Longevity is not something you find too often in Lower Greenville restaurants, where “flash in the pan” is much more common. But Daddy Jack’s Lobster and Chowder House had it. Opened in 1993 by East Dallas restaurateurs Jack Chaplin, Cary Ray and Neil Connell, the business lasted a staggering 24 years before it quietly closed in May. The business was built on passion — Chaplin wanted to capture the fresh seafood flavors he loved from New England, which were more unusual to find in Texas at the time. The restaurant was no muss, with simple red-checkered tablecloths and a rich menu of seafood staples.

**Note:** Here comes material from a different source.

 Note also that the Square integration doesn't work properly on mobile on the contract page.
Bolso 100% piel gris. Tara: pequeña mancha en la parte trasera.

“I say we’re providing the neighborhood a service: love and lobster,” Ray told the Advocate in 2010.

When neighboring business The Crown and the Harp, owned by the same proprietors,  announced its plans to close, it was clear Daddy Jack’s wouldn’t be too far behind. Their closures open up prime real estate at 1916 and 1914 Greenville, which as of press time had not yet been filled. But for those missing the fresh fishy taste of Daddy Jack’s, here is the restaurant’s original lobster fra diavlo, first published in the Advocate in June 1998.

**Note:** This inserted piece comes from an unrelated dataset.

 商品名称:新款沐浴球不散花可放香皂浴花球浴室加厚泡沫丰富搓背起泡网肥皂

Lobster fra diavlo (serves two)

1 cooked lobster (tail split, claws cracked)

8 clams

10 mussels

10 peeled shrimp

4 cups linguini

3 cups marinara sauce

4 tablespoons garlic butter

2 tablespoons red pepper flakes

3 ounces white wine

2 tablespoons chopped garlic

Place 1 tablespoon of garlic butter, chopped garlic and red pepper flakes in sauté pan.

Cook until garlic is slightly browned.

Add all seafood and cook for two minutes.

Add marinara sauce, white wine and remaining garlic butter.

Cook until clams and mussels open, and sauce is very hot.

Serve over linguini and garnish with chopped green onions or chopped parsley.